ASSIGNMENT:
Exact copy, no pictures: return only the lines below from the line with "秋款上新 一字領麻花袖毛衣韓版女裝毛衣 兩色入" up to and including the line with "保育士が「yellow ba".

DATA FOR PROCESSING:
++++++

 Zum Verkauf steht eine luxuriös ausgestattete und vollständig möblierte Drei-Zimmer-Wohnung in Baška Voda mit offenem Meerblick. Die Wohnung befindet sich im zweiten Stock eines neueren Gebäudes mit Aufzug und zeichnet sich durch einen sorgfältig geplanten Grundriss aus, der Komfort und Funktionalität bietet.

++++++

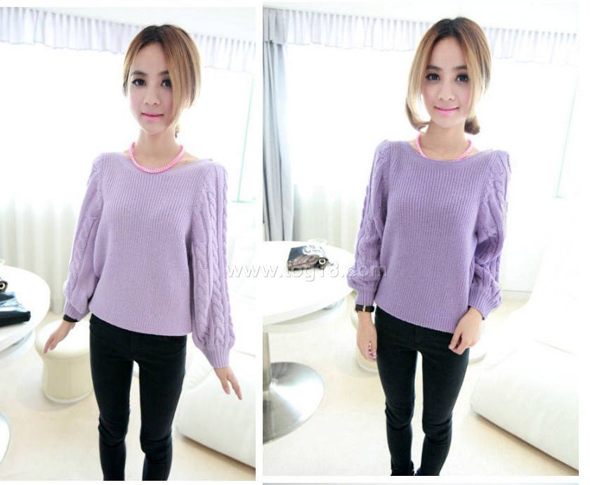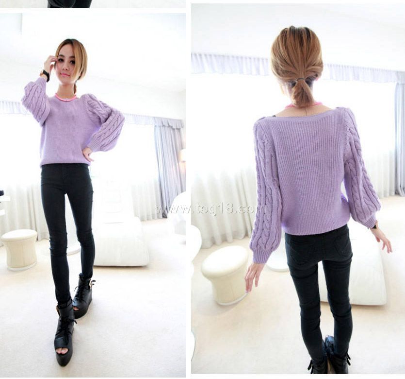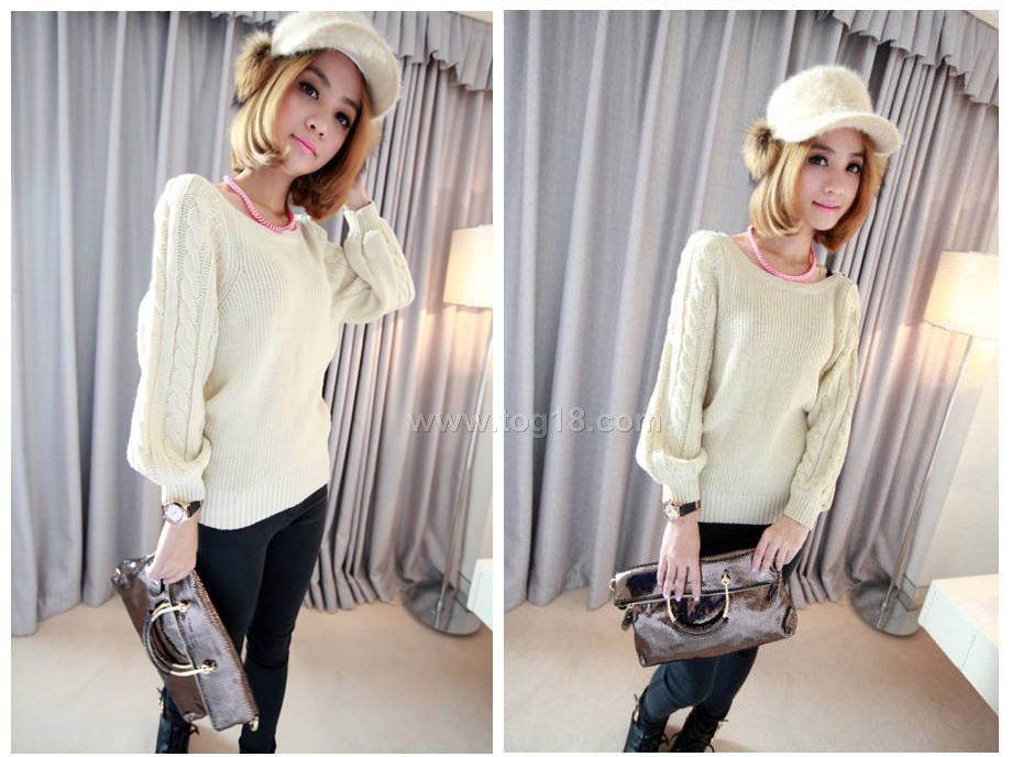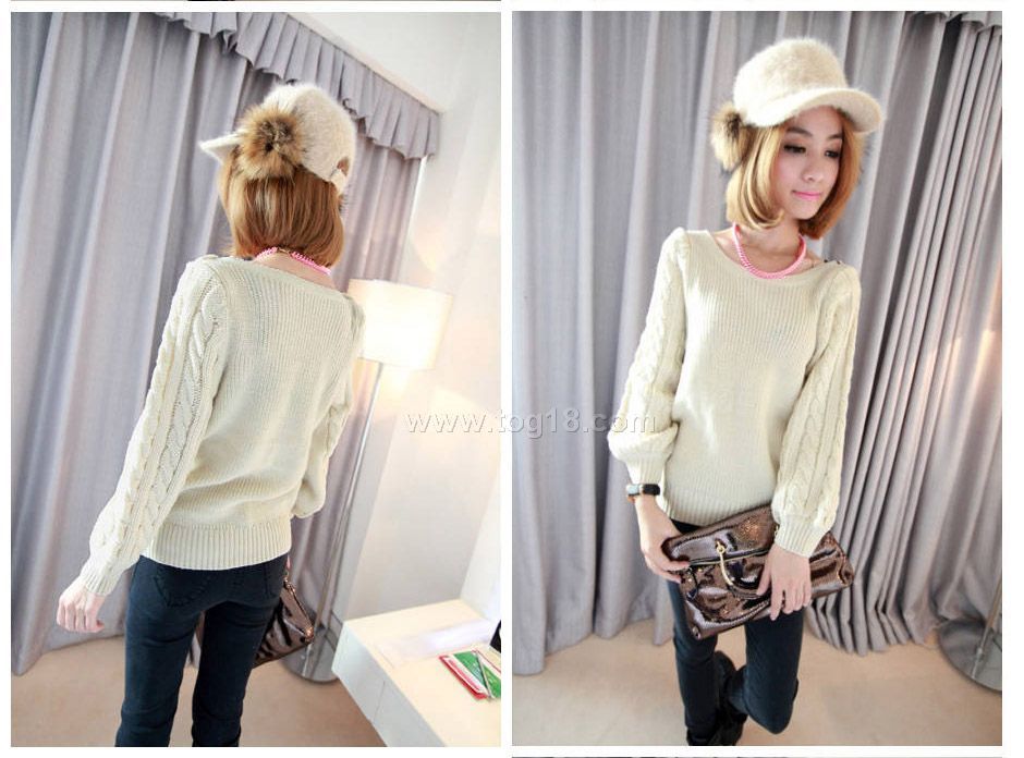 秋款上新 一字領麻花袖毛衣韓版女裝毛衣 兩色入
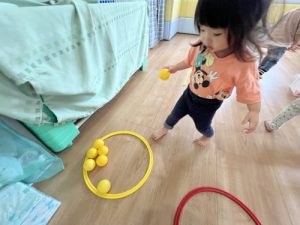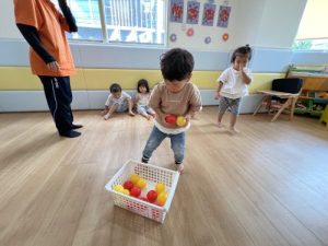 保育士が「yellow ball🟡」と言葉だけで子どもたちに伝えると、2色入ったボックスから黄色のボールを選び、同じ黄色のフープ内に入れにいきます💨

++++++

RESPONSE:
 秋款上新 一字領麻花袖毛衣韓版女裝毛衣 兩色入
 保育士が「yellow ball🟡」と言葉だけで子どもたちに伝えると、2色入ったボックスから黄色のボールを選び、同じ黄色のフープ内に入れにいきます💨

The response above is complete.